I also ache for Donovan as I watch him shoot baskets alone. Or when he brings a picture home from school that he has drawn of his family. There are three. Why are there only tables for four at restaurants? A constant reminder of the missing link in our family.

Donovan will never again wear a pair of Edison’s faded jeans, or one of his washed out T-shirts. Watching Donovan grow up in those clothes always carried a poignant remembrance of brotherly hand-me-downs, the normalcy of it.

In the years since Edison died, I have asked myself “What if?” and “Why?” If only we hadn’t gone out that day. If I had not tried to progress him from his feeding tube to regular foods. I have sought book after book trying to find an instruction manual on how to grieve. It doesn’t feel like I am doing it right. It doesn’t get better. It gets worse.

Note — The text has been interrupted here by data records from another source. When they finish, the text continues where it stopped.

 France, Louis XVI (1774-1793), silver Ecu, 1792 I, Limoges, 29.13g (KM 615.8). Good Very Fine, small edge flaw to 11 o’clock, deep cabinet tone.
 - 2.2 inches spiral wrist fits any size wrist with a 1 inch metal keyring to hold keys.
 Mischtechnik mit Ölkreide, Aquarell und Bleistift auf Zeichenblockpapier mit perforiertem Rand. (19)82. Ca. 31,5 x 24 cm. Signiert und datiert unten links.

Elisabeth Kubler-Ross famously wrote about the stages of dying and grieving. I studied them often as a social work student. I worked with grieving families. I thought I understood grief.

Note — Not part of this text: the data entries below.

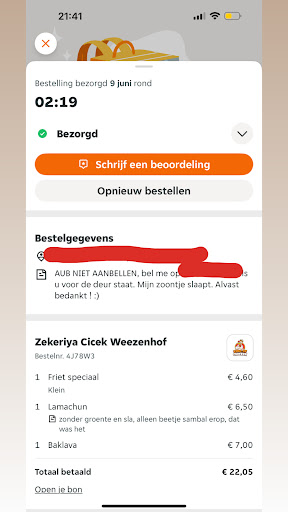 super slecht!!! ik heb hier op 9 juni een turkse pizza besteld waarin staat GEEN GROENTE GEEN SLA ALLEEN BEETJE SAMBAL. Ik krijg een turkse pizza met groente en sla en geen sambal. Ik heb meteen daarna de restaurant opgebeld en gezegd dat mijn bestelling verkeerd is gemaakt. Natuurlijk kan dat gebeuren en normaal vind ik dat nooit erg. Ik kreeg een man aan de telefoon die zei ja sorry we kunnen een nieuwe brengen maar dat gaat even duren. Ik heb gezegd ja laat maar, het is al 2 uur en t heeft geen zin meer, dan wil ik voor de turkse pizza m’n geld terug. Hij zei dat hij mij meteen na ons belletje een appje zou sturen waarin ik een tikkie kan sturen en hij m’n geld overmaakt. 1 dag later, nog steeds geen appje gekregen. Weer gebeld, ineens wist niemand met wie ik had gesproken en moest ik om 20:00 uur avond terug bellen. Weer gebeld, ik moest om 22:00 uur weer bellen. 22;00 weer gebeld, telefoon die staat uit en niemand neemt op. 2 dagen verder, weer gebeld, meneer zei dat ik weer later moest bellen want de persoon over wie het ging zou er pas in de avond zijn. Mijn vriend heeft daarna gebeld, weer staat de telefoon uit. 3e dag weer gebeld, en weer staat de telefoon uit. Echt oprecht, ik heb nog nooit zo een troep cafetaria meegemaakt. Alsof ze daar werken zonder rooster. Kei ghetto. En dit alles voor 6,50 euro lol. Ik raad niemand deze shitzooi aan, daarnaast was t niet eens te vreten, naast die turkse pizza hadden we ook n friet speciaal gehaald, die friet lag overal behalve in waar die hoort te zitten. Heel die zak lag vol met friet mayonaise en ui, we hebben het gewoon terug in het bakje moeten stoppen. Hoe krijg je dat voor elkaar joh, echt vreselijk, net alsof ze daar werken met...
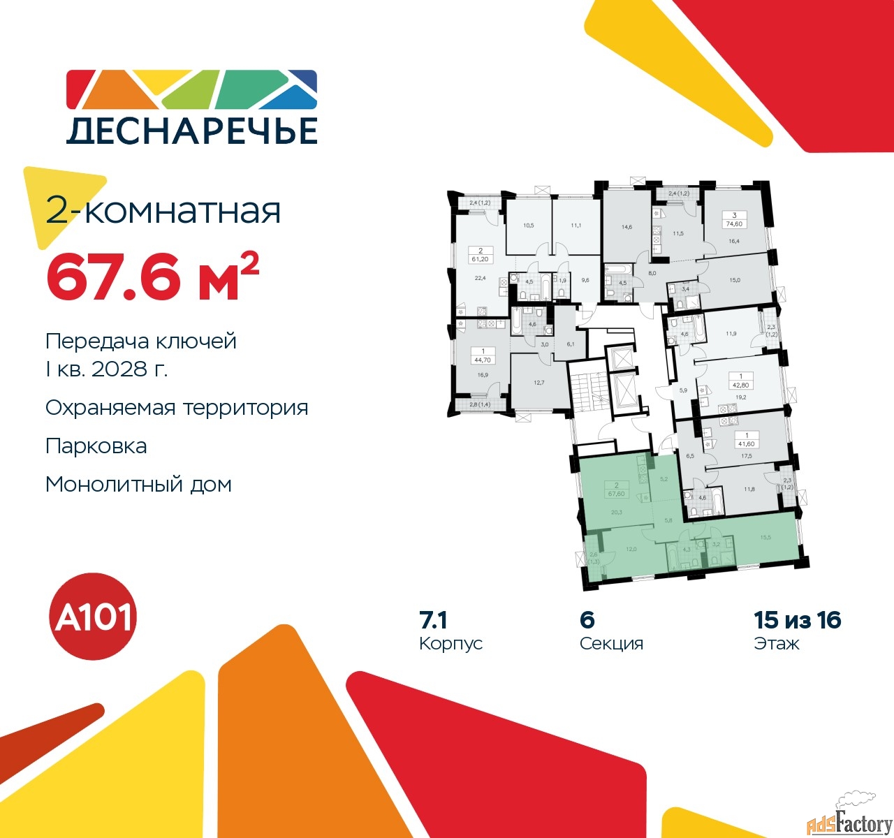 Дом монолитный, многоподъездный, переменной этажности, от 8 до 16 этажей. Квартира находится в 6-й секции высотой 16 этажей в корпусе 7.1. На этаже 6 квартир. В подъезде 1 пассажирский и 1 грузовой лифт. Начало строительства - 2 квартал 2025 года. Окончание строительства - 1 квартал 2028 года. Оформление сделки по договору долевого участия.
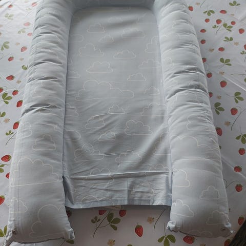 Selger nydelig babyrede sydd av fortryllende by Charlotte. Kan vaskes på 40 grader i maskin og tørketromles. Mintgrønn med mønster på en side,grå på den andre siden.
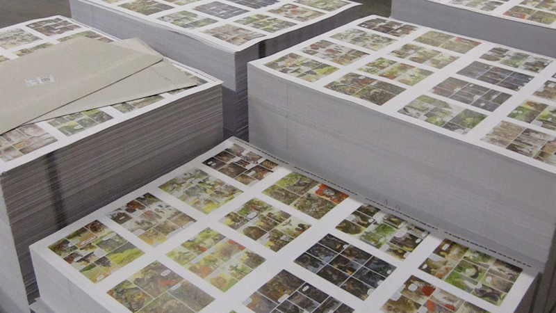 Les planches sont imprimées sur des feuilles de très grand format, on peut ainsi imprimer 16 planches sur une seule feuille, 32 en recto-verso. Deux feuilles suffisent pour un album complet, et même parfois une seule feuille avec les 48 planches !

Now I realize that was like thinking you understand water because you’ve been to a lake. And then you go to the ocean. I have Denied, been Angry, Bargained and have been Depressed. There is also an A, Acceptance. At least, she said there is.

Recently, I came across an academic article about pulmonary hypertension in preemies. I reached out to the physician and author of the article. It was not the first time I had emailed a doctor I didn’t know, in search of understanding. But this time was different.

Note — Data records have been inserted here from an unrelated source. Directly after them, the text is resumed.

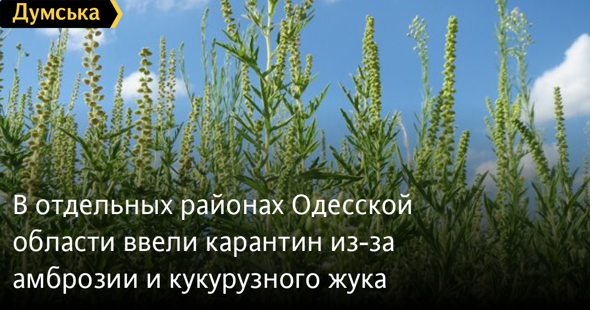 В отдельных районах Одесской области ввели карантин из-за амброзии и кукурузного жукаВ Ширяевском районе Одесской области ввели карантинный режим из-за вызывающего аллергическую реакцию сорняка амброзии полыннолистной (Ambrosia artemisiifolia L.) Об этом сообщили в Главном управлении Госпродпотребслужбы в Одесской области. Для локализации и ликвидации этого растения в районе введен план фитосанитарных мероприятий. В Кодымском и Захарьевском районе Одесской области введен карантин из-за западного кукурузного жука — вредителя, уничтожающего кукурузные поля. Карантинный режим введен в селе Сергеевка Кодымского района и селе Карабаново Захарьевского района. Впервые этого вредителя обнаружили в Украине в 2001 году в Закарпатье. В США ежегодные потери и траты на борьбу с ним составляют около 1 млрд долларов. СМЕРТЬ РОССИЙСКИМ ОККУПАНТАМ! Заметили ошибку? Выделяйте слова с ошибкой и нажимайте control-enter |
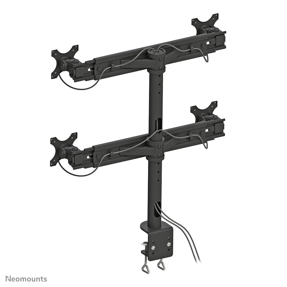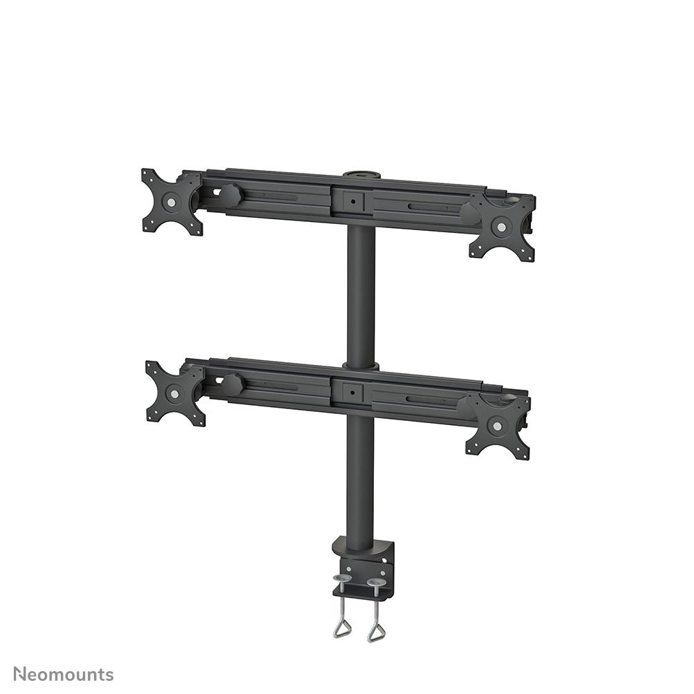 The Neomounts desk mount, model FPMA-D700D4 is a tilt-, swivel and rotatable desk mount for 4 flat screens up to 30". This mount is a great choice for space saving placement on desks using a desk clamp.
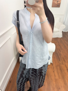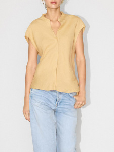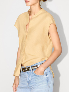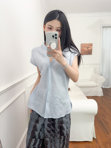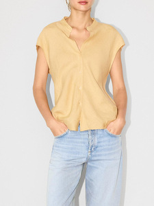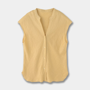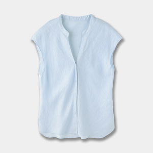 MD25 レディース ミニマリスト オールドマネースタイル 通勤スタイル ピュアリネン Vネック ノースリーブ シャツ トップス 05162543806

Dr. Brian Hanna, a cardiologist and director of the pulmonary hypertension section at the Children’s Hospital of Philadelphia, emailed back. We met for two hours in the cafeteria of the same hospital where Edison had spent his first 250 days. He painstakingly drew me diagrams and pictures, and explained that it was not a matter of “if,” but “when.” He told me there was nothing that could have been done differently. He gave me permission to examine my son’s life, not his death.

After meeting with Dr. Hanna, I realized Edison had not died early. He had lived long. And boy did he live, showing us all to appreciate every day.

In his six years, Edison did so much. He woke up every day asking, “What we do today?” with eager anticipation. He often went to sleep declaring it “the best day ever!”

Driving home, I cried for both of my sons: For the 6-year-old who received all of my attention for the years he was here, and has continued to receive that attention in the years he was not. And for my other child, who has had half a mother for three years. Edison would be ashamed at how I am taking care of his baby. While nothing about this journey has been linear, I am working every day to be the emotionally available mother that our 6 year old, Donovan, deserves.

So, two boys age 6 have taught their mommy many lessons. Most of all they have taught me that your heart can smile and break all at one time and will do so daily.

My heart is just beginning to heal. But while still broken, I will smile for Donovan. I will smile for Edison. I will smile that my grief journey has been mine, and not like those written in books. I may not be doing it correctly, I may be doing it for too long, but like my children, I am doing it with everything I have.